Wherever a picture appears in the listing below, leave it out and reproduce the rest exactly.
━━━━━ RECORDED INFORMATION ━━━━━
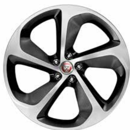
20" Style 5062, Forged, 5 spoke T2R3292 RM9,907.15 T2R3293 RM9,890.88
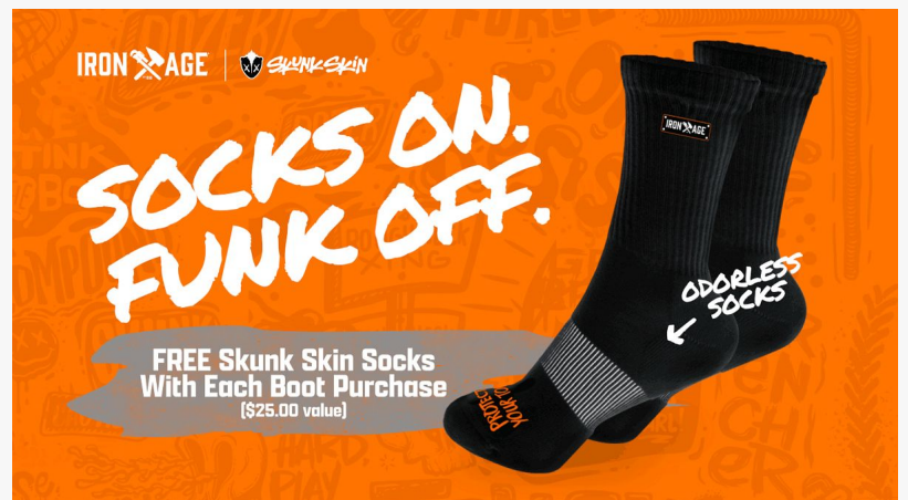
Skunk Skin Sock
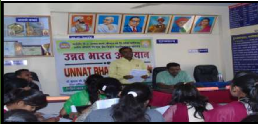
Caption: We organized Gramsabha at Rajdervadi With Sarpanch , Garmsevak , Student and Citizens
━━━━━
OUTPUT FOR THIS TASK:
20" Style 5062, Forged, 5 spoke T2R3292 RM9,907.15 T2R3293 RM9,890.88
Skunk Skin Sock
Caption: We organized Gramsabha at Rajdervadi With Sarpanch , Garmsevak , Student and Citizens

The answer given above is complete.